Proceedings of E240, Winter 2015 DD SHIN, RN Haksar, BJ Galligan and J Baek

WAFER-ENCAPSULATED DIFFERENTIAL RESONANT ACCELEROMETER WITH PASSIVE TEMPERATURE COMPENSATION SCHEME

Dongsuk D. Shin, Ravi N. Haksar, Benjamin J. Galligan and Jeesu Baek Department of Mechanical Engineering, Stanford University

Stanford, California

Abstract. This paper presents the design of a resonant accelerometer with a passive temperature-compensation scheme for use in an inertial measurement unit (IMU). This is achieved by shape tuning a pair of resonant beams to yield a similar temperature coefficient of frequency (TCf) for differential temperature compensation, while separating the two resonant frequencies to increase the dynamic range. Preliminary design analysis suggests a sensitivity of 375 Hz/g, dynamic range of ±50 g, and matching TCfs within 0.06 ppm difference. From these results the temperature effects are reduced by a factor of more than 500.

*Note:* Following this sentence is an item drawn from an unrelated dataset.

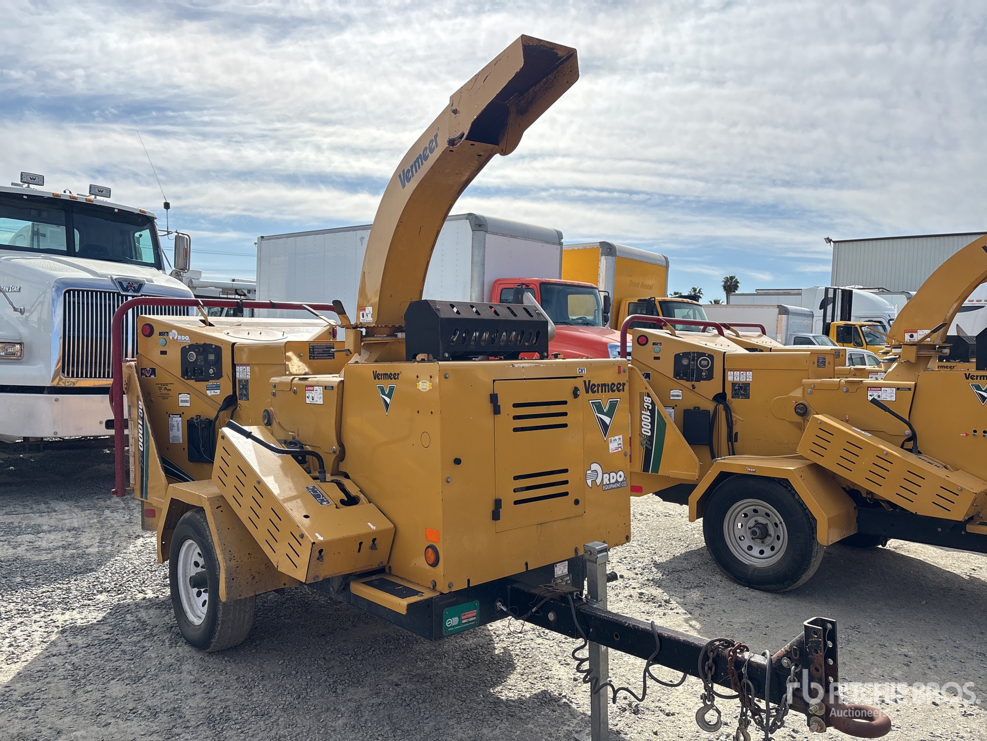 Étiquette EPA américaine 2016, moteur diesel Deutz 4 cylindres 2,9 L, ouverture d'alimentation de 63,5 cm (25 po), goulotte d'éjection pivotante, remorque porte-anneaux Lunette, freins électriques, équipement fourni par Mowbrays Tree Service

Background. In the last decade, microelectromechanical systems (MEMS) research has spurred the development of microsensors for almost every possible sensing modality. One emerging area of interest is the inertial measurement unit (IMU), a combination of accelerometers, gyroscopes, and magnetometers used to determine the position, orientation, and velocity of a moving object. With the increased demand for small, inexpensive, and high-performance MEMS IMUs, there have been efforts to co-fabricate the required structures—accelerometers, gyroscopes, and often resonator clocks for timing references—and wafer-level package them on a single die. This approach, however, presents technical challenges: high-performance gyroscopes and clock resonators require a high quality factor (Q), whereas typical capacitive accelerometers (where a seismic mass displacement due to acceleration is sensed via parallel plate capacitance) generally require lower Q to achieve critical damping.

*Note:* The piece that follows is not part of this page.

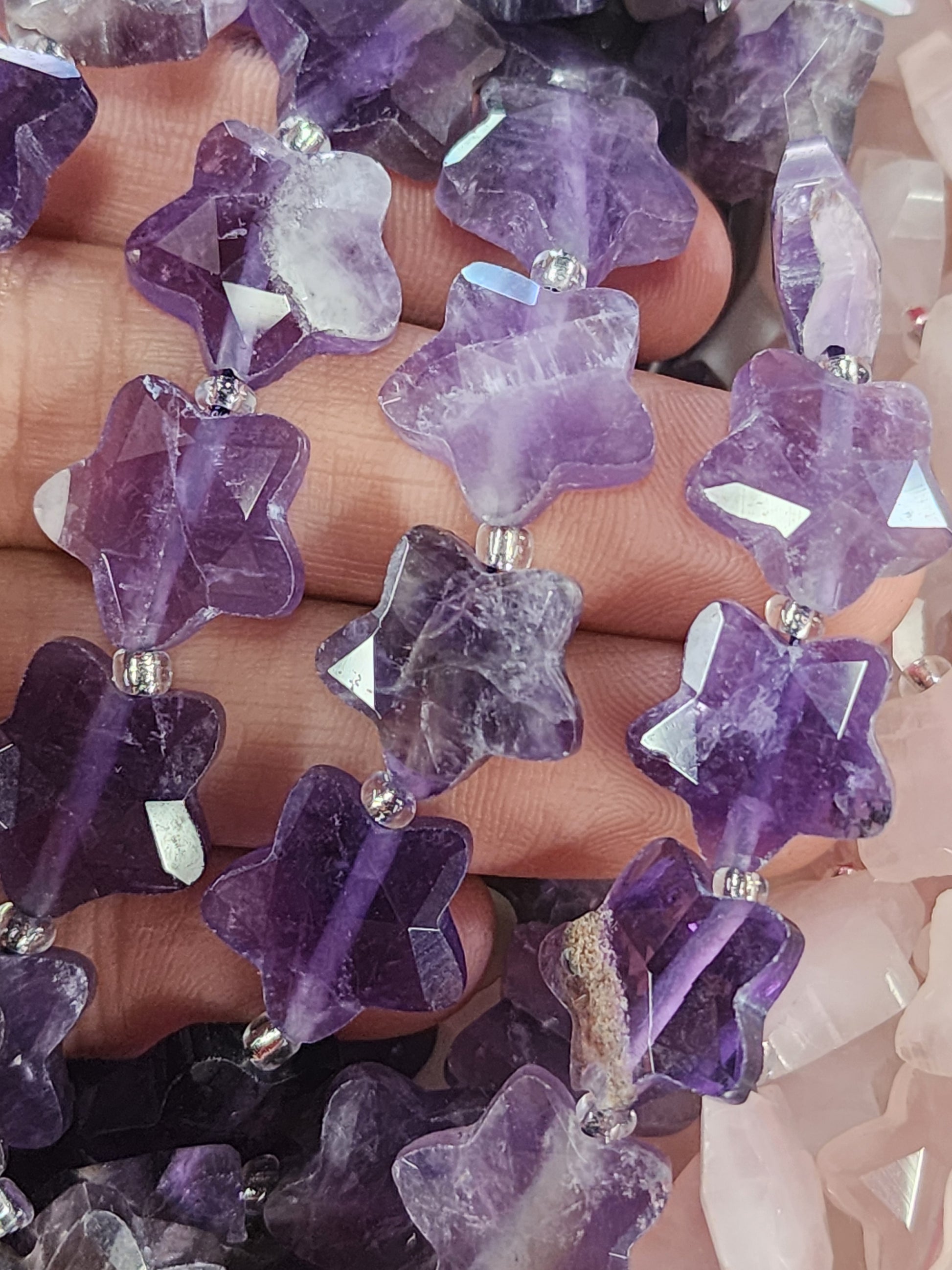 Amethyst is carved into star shaped beads and faceted to highlight its beautiful, natural purple color. Purple is said to bring balance to the crown chakra to calm the mind and bring inner peace.

Moreover, traditional capacitive accelerometers are limited with regards to miniaturization and performance. First, because they are capacitive displacement transducers, a large proof mass translation is required for acceptable sensitivity to small accelerations. Second, parallel plate capacitors are susceptible to pull-in instability, which limits the minimum gap size and thus requires a larger proof mass [1]. These limitations in gap and proof mass size pose severe constraints on sensor’s dynamic range, high-shock survivability, and displacement sensitivity.

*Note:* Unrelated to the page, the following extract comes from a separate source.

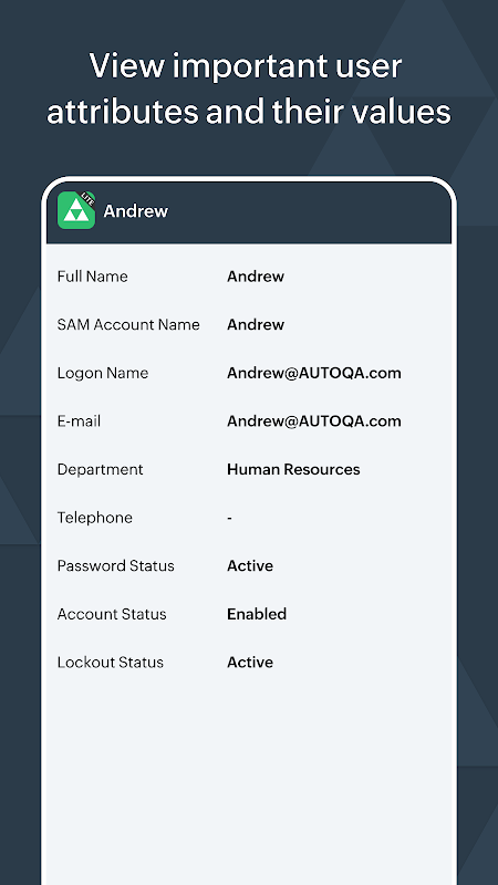 सक्रिय निर्देशिका प्रबंधक लाइट ऐप आपको केवल अपने मोबाइल उपकरणों का उपयोग करके, अपनी सक्रिय निर्देशिका में उपयोगकर्ता खातों को प्रबंधित करने की अनुमति देता है। इस ऐप के साथ, ऐसा लगता है मानो आप जहां भी जाएं, अपनी सक्रिय निर्देशिका अपने साथ ले जा रहे हैं। अब आप अपने मोबाइल उपकरणों के माध्यम से अपने उपयोगकर्ताओं को किसी भी समय और दुनिया में कहीं से भी आसानी से प्रबंधित कर सकते हैं।

To overcome these issues and achieve single-die integration, resonant sensing can be used instead of capacitive sensing. In the design shown in Fig. 1, a pair of resonant beams is affixed to a proof mass, such that external acceleration will generate axial force on the beams. This will cause frequency shifts, used as signals, in the two resonators. The design’s symmetry provides a differential response to linear acceleration and intrinsically compensates for off-axis acceleration and temperature changes. While resonant sensing introduces a different set of challenges associated with frequency measurement, because it is not strictly limited by gap size, it presents some key upsides: high sensitivity, large dynamic range, immunity to pull-in instability, and high-shock survivability. Furthermore, it requires high Q and hence low-damping techniques, making it an ideal candidate for IMU integration on a single die.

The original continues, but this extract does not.